The group’s Heroes Handbook helps groups gather stories that convey the drama in the work they do and invite others to join the fight. The handbook outlines six key elements in stories of social-justice heroism:
- There must be a hero, a real-life person in the community who has values (like justice or opportunity) and the power to defend those values.
- That hero is on a quest to promote or defend her values, which could be an effort to change policy or behavior.
- The hero faces a threat to her values, be it climate change or financial insecurity for families.
- There must be a villain that embodies that threat, whether it’s big oil companies or even a particularly malevolent CEO. Whereas a hero is always a person, villains can be organizations.
- The villain has a weapon to carry out the threat, and it might take the form of an army of lobbyists or a media empire.
- The hero has tools that help the community. Policy proposals, for example, can be framed as tools to complete the quest and help fulfill the hero’s values of freedom or justice.
The benefit to groups that use this method, says Heroes’ Narrative director Spencer Olson, is that it helps them connect with their supporters in more ways.
“People no longer feel they have to be experts in every detail of the policy,” he says. “Instead, they can communicate with their neighbors about their values.
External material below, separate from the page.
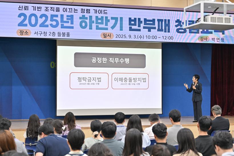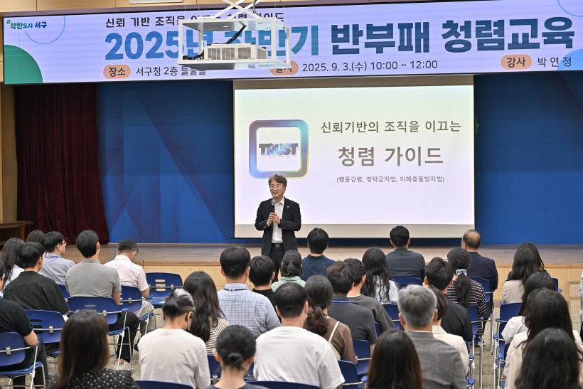 ±¤ÁÖ ¼±¸(±¸Ã»Àå ±èÀ̰)´Â 3ÀÏ ¼±¸Ã» µéºÒȦ¿¡¼ Á÷¿ø ´ë»óÀ¸·Î '½Å·Ú ±â¹Ý Á¶Á÷À» À̲ô´Â û·Å °¡À̵å' ÁÖÁ¦·Î ÇÏ¹Ý±â ¹ÝºÎÆÐ Ã»·Å±³À°À» ½Ç½ÃÇß´Ù.

Our success in Washington has been to find and share stories that everybody feels a part of.”
The Communications Hub has worked with groups on such issues as climate change and gun responsibility. This year they helped gather stories, like one from this woman, to get state ballot initiative 594 passed to close loopholes on gun purchasing.
And meanwhile, additional heroism is in evidence at the East Coast superhero headquarters—the New York offices of the Opportunity Agenda. That group uses public-opinion research, communications, media, and the arts to “build the national will to expand opportunity in America.”
Last year the organization introduced Helvetika Bold, a superhero who champions social justice with the power of her words.
Helvetika Bold is the public face of Vision, Values and Voice, a comic-book style communications toolkit for social-justice advocates. Her spirit “resides in anyone who wants progressive change,” says the organization.
The flashy colors and fun look of the toolkit is not just a superficial design feature. The heroes-and-villains theme taps into deeper currents in our consciousness. After all, aren’t many groups truly struggling against towering threats to justice and freedom and health?
Herein lies a tricky matter in advocacy communications.
When telling stories about heroes—which is to say, anybody who fights for justice—you run the risk of focusing too much on the individual.
That’s why, says toolkit author Julie Fisher-Rowe, it’s important to tell “systemic stories” that address the larger social problems behind any given individual’s plight.
Tell a story about a worker who loses her job and health insurance coverage for her family and you may get audiences to sympathize with that one person. But if you tell a story about a worker who organizes her fellow employees being stripped of their rights, you get audiences to understand how her personal struggle is tied to big structural challenges.
Systemic stories, when well told, also reveal the villain as part of a larger problem rather than just being a bad apple. But it’s a fine line.
If you successfully tell a “systemic story,” audiences walk away understanding the larger threat, and, with any luck, the feeling that they can be heroes.